== What the task asks ==
Among the entries that follow, locate the line with "NFL Detroit Lions" and the line with "refroidisseur | ||||||". Output those lines and all lines in between, exactly, minus the pictures.

== Given entries ==

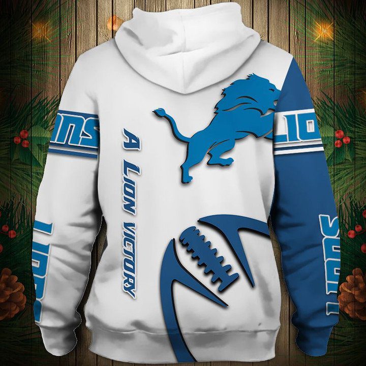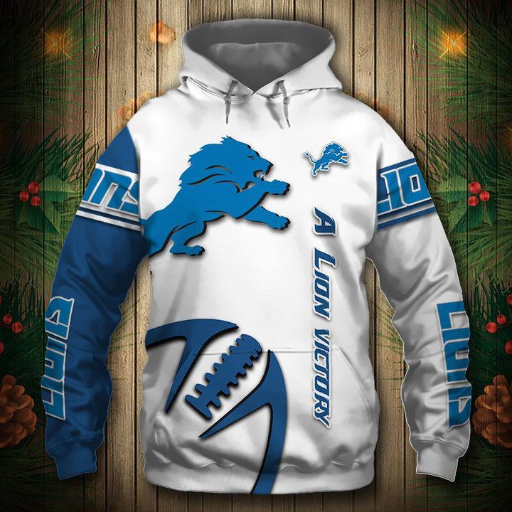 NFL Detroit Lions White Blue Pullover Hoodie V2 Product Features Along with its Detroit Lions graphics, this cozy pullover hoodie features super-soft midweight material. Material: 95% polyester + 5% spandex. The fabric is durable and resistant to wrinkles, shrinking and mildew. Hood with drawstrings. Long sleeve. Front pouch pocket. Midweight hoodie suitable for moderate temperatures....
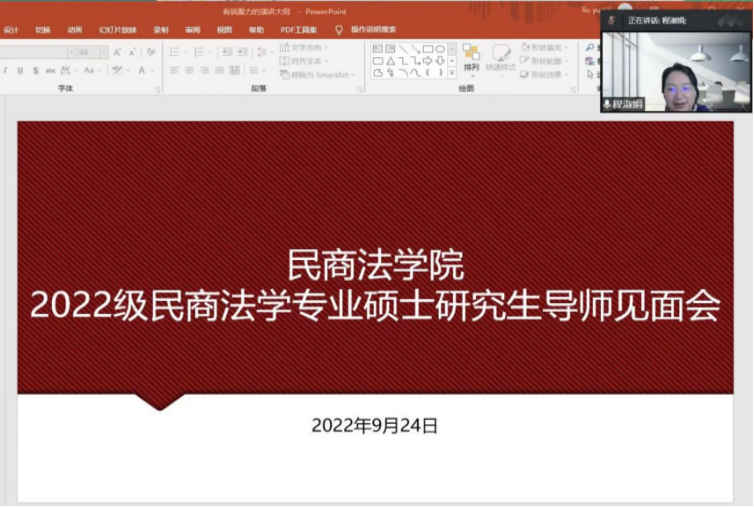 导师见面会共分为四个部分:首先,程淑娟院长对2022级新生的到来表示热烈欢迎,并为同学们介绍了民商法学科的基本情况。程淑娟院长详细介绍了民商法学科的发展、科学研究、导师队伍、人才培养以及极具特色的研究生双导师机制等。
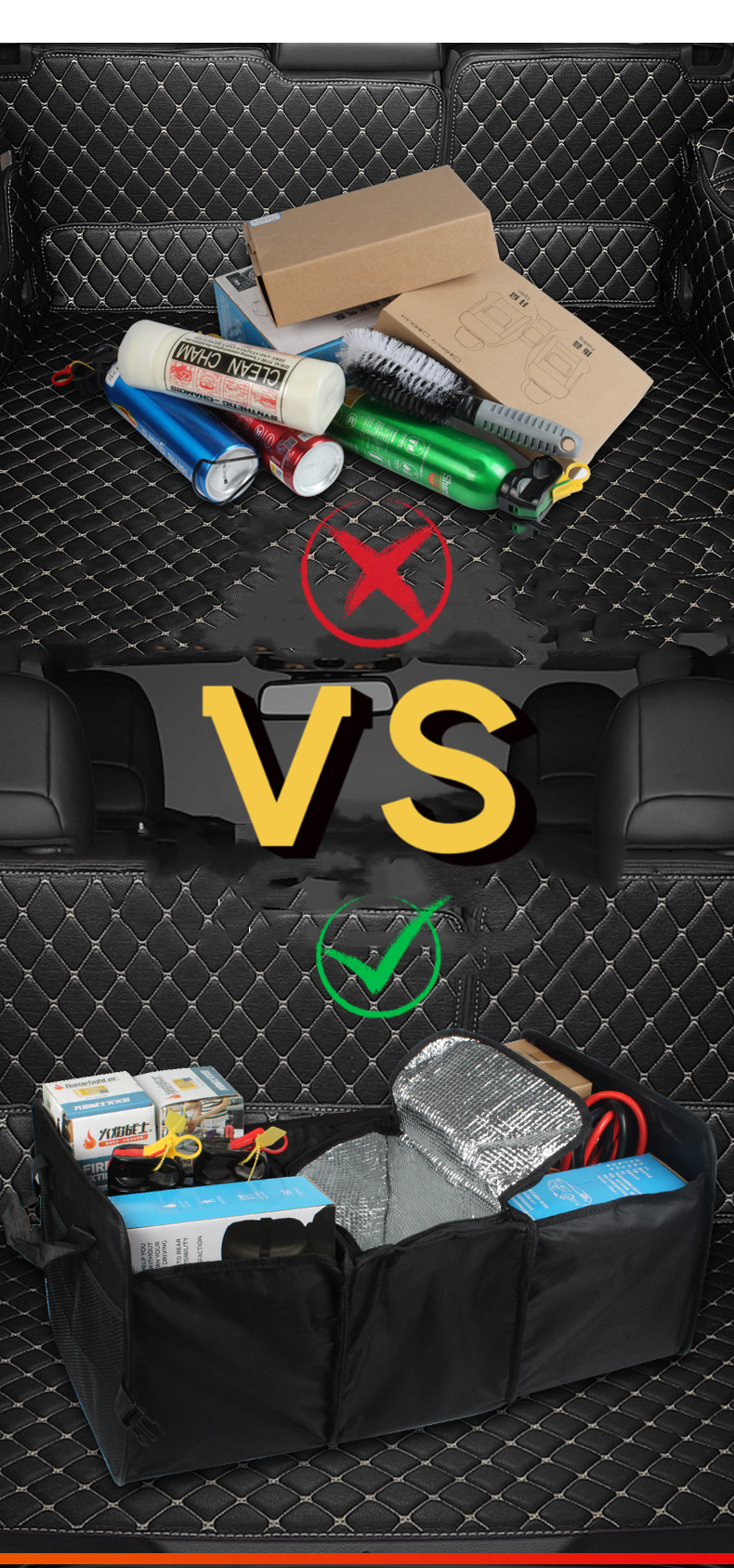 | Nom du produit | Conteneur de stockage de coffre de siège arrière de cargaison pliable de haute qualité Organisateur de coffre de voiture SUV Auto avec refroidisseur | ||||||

--

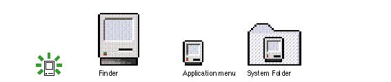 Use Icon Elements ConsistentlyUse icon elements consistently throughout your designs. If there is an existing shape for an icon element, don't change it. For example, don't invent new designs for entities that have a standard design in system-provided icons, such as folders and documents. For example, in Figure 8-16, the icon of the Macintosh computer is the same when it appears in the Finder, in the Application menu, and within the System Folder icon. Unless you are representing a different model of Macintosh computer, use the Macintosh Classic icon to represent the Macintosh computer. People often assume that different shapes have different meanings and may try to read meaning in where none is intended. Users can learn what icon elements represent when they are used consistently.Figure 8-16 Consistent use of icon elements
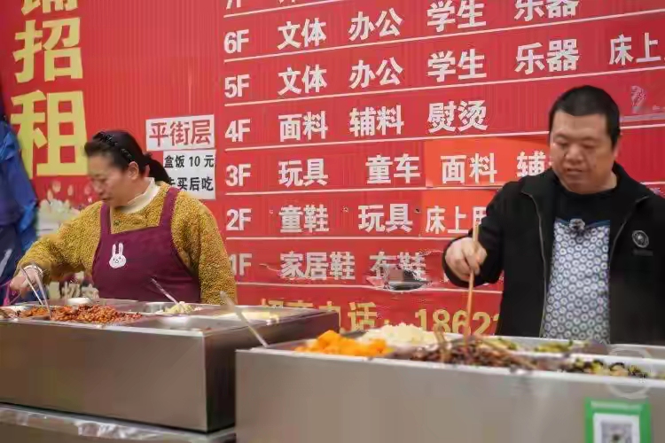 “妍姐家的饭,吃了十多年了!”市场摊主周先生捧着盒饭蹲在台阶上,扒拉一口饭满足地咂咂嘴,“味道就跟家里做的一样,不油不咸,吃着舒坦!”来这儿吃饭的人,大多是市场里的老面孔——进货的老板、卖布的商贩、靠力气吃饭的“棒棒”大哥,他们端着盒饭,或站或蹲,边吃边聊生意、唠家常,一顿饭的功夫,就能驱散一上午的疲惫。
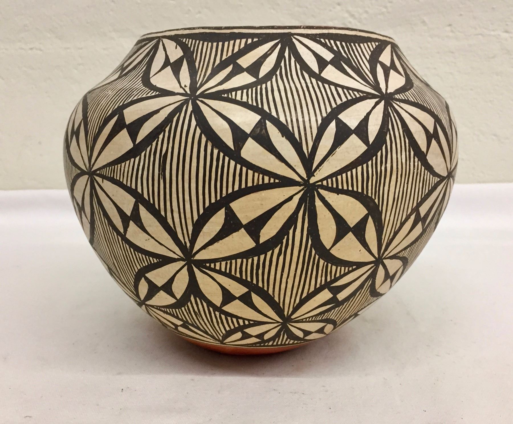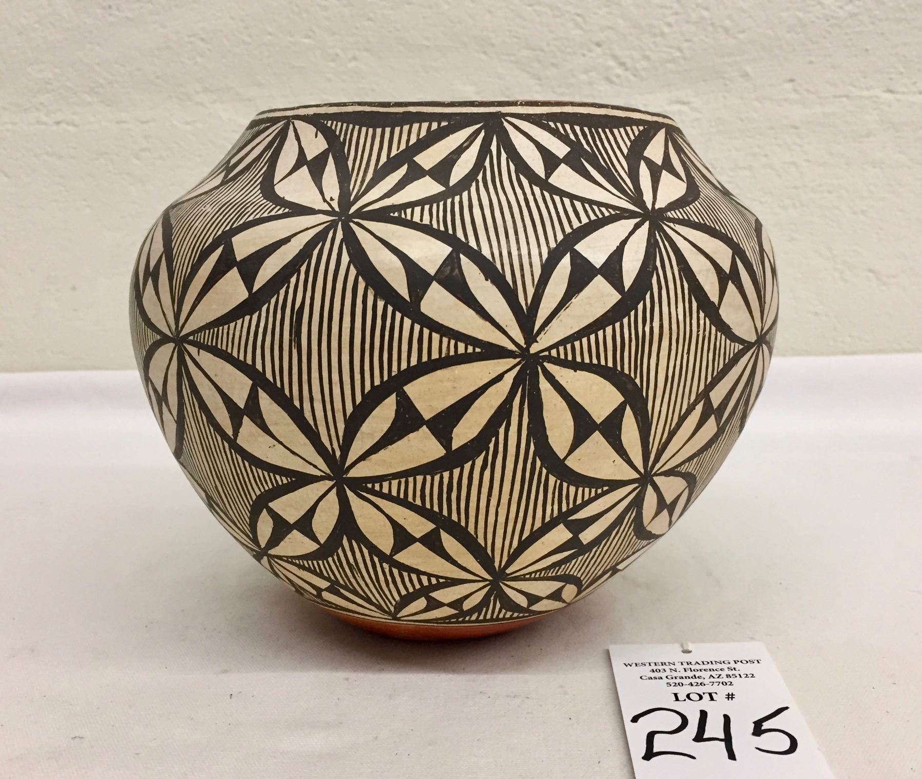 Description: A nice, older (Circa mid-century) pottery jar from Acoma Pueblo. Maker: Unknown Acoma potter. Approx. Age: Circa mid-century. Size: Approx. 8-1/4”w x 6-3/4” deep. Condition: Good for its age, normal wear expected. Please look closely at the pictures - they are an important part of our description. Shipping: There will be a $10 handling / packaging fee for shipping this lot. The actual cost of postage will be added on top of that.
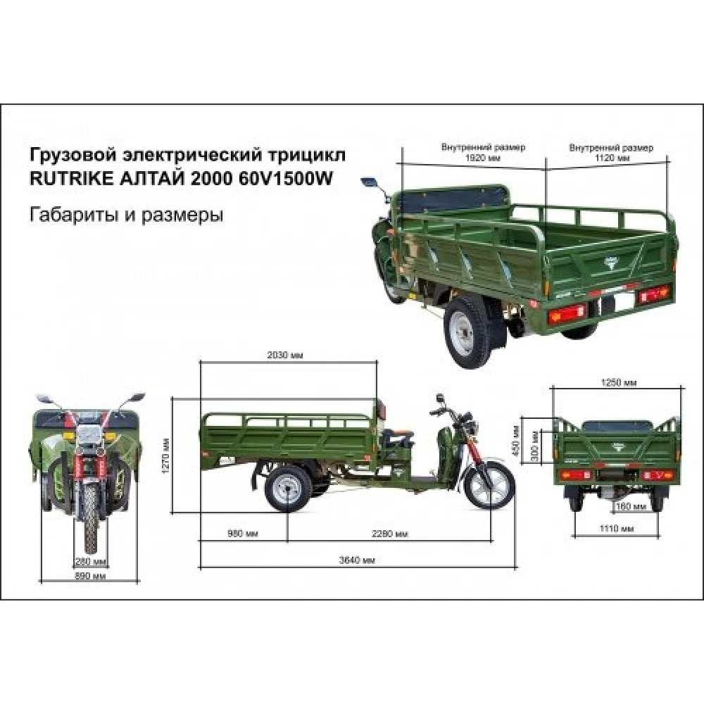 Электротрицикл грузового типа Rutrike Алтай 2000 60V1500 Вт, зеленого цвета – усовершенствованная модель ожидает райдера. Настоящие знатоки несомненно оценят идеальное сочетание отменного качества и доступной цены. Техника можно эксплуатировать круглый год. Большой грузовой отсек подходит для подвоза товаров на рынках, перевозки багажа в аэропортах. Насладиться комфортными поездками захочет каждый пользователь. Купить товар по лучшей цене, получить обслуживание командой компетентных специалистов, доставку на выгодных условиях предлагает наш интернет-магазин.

== The completed task ==
 NFL Detroit Lions White Blue Pullover Hoodie V2 Product Features Along with its Detroit Lions graphics, this cozy pullover hoodie features super-soft midweight material. Material: 95% polyester + 5% spandex. The fabric is durable and resistant to wrinkles, shrinking and mildew. Hood with drawstrings. Long sleeve. Front pouch pocket. Midweight hoodie suitable for moderate temperatures....
 导师见面会共分为四个部分:首先,程淑娟院长对2022级新生的到来表示热烈欢迎,并为同学们介绍了民商法学科的基本情况。程淑娟院长详细介绍了民商法学科的发展、科学研究、导师队伍、人才培养以及极具特色的研究生双导师机制等。
 | Nom du produit | Conteneur de stockage de coffre de siège arrière de cargaison pliable de haute qualité Organisateur de coffre de voiture SUV Auto avec refroidisseur | ||||||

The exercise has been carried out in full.